Packers will Hope to Regain some of that Lost Red Zone Efficiency

The Packers went from being the best in the red zone in 2020 to ranking 19th in 2021. They will hope to regain some of that lost efficiency in 2022.

During the 2020 season, the Green Bay Packers' offense was among the best in football, putting up 31.8 points per game, which was the most in the NFL that season.

This past season, they would see a dropoff in terms of points per game scored--and I think it's safe to say that even to the eye test, they never looked quite as efficient or dangerous as they had in 2020. Green Bay still remained effective, however, finishing tied for ninth in points per game in 2021, but it was at nearly a touchdown less per game at 26.5.

In sports, and especially in football, there is rarely -- if ever -- one answer behind any question. But when we look at one of the core reasons why this Packers' offense was less successful in 2021, look no further than their red zone performance.

In 2020, Green Bay finished the regular season scoring on a whopping 80% of their red zone visits--which, of course, was tops in the NFL. This past year, however, their success rate plummeted to 58.5%, which ranked 19th. And truthfully, Green Bay's red zone performance over the final month or so of the season helped them finish as high as they did. For a large chunk of the year, they ranked in the 25 to 30 range.

The Packers were really good at moving the ball in between the 20-yard lines, finishing fifth in average red zone attempts per game in 2021 -- which is in part why they were still able to finish top-10 in points per game -- but far too often, they stalled when inside their opponent's 20.

Again, there is always more than one reason why, but a few possible contributors included that the run game just wasn't as effective. Green Bay went from averaging 4.8 yards per rush in 2020 -- which ranked sixth -- to 4.2 yards per carry--and that ranked 21st. As a result, they weren't as efficient off of play-action either.

In part, the run game wasn't as effective because the offensive line dealt with numerous injuries and utilized seven different configurations during the season. Aaron Rodgers was also pressured more often, even with getting the ball out of his hands quicker on average.

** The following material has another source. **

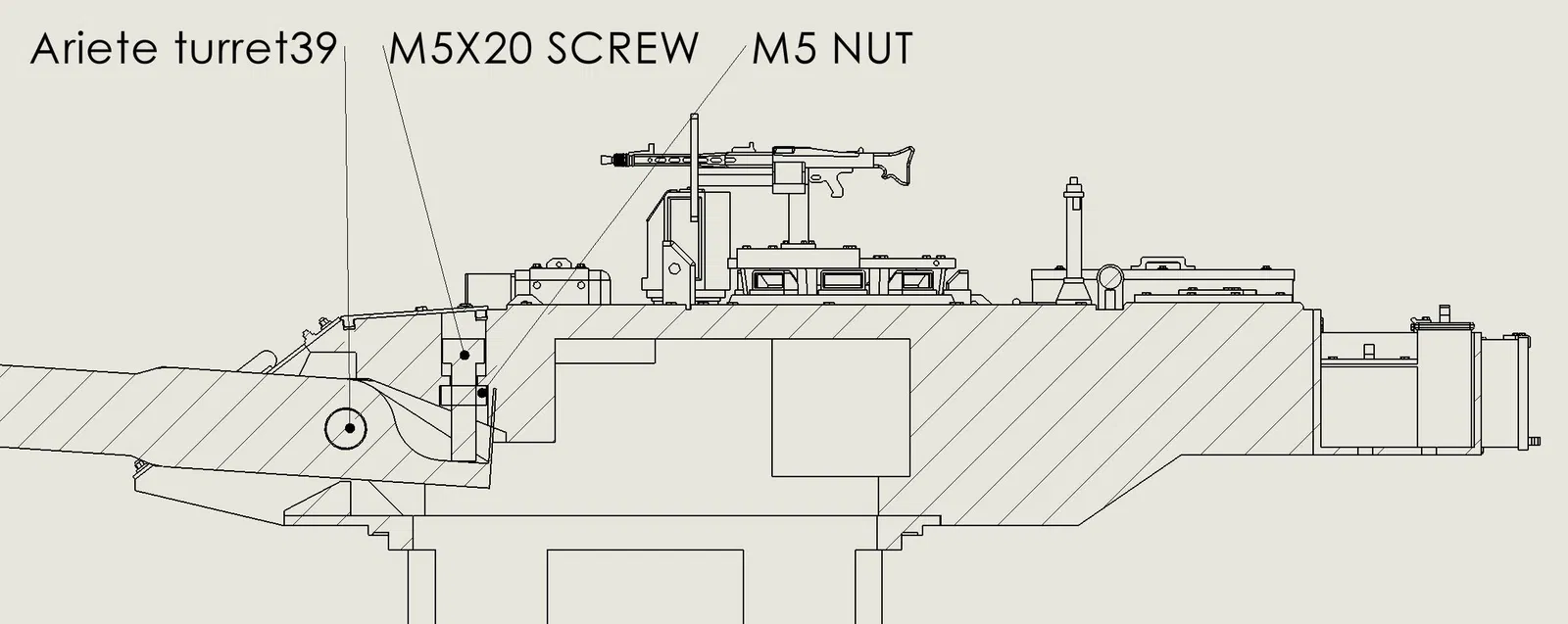 Tháp pháo có thể xoay và nòng pháo có thể lắc lư (cuối cùng có thể giữ ở vị trí trưng bày bằng hệ thống vít).
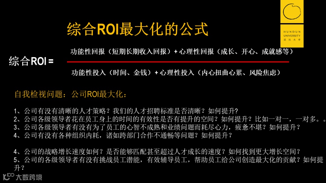 对于员工来说也是一样,他为什么愿意加入你的公司,因为加入你的公司,个人投资回报率最大。

Losing Robert Tonyan didn't help things either, and at one point during the season, Rodgers would tell reporters that the play-calling inside the red zone wasn't as aggressive as it had been. Now, when Rodgers says aggressive, he doesn't mean throwing every play, but a lot of the motion and pre-snap eye candy was nowhere to be found at times. 

This season, the Packers will look to bounce back inside the 20-yard line, but that will come with its own set of challenges. As we all know, Davante Adams is now in Las Vegas, and he was responsible for 29 touchdowns over the last two years. 

As I wrote recently, both Allen Lazard and Randall Cobb have found success in the red zone, but the big questions are, can they remain effective with more opportunities and more of the attention on them from opposing defenses?

In addition to losing Adams, Green Bay also lost offensive coordinator Nathaniel Hackett, who was in charge of installing the red zone play calls each week.

With that said, it's not all doom and gloom either. As I just mentioned, Lazard and Cobb have been go-to targets of Rodgers in higher leverage situations, and we know they have his trust. Tonyan will be returning, and the Packers have two playmakers in Aaron Jones and AJ Dillon, along with what is hopefully a healthy offensive line.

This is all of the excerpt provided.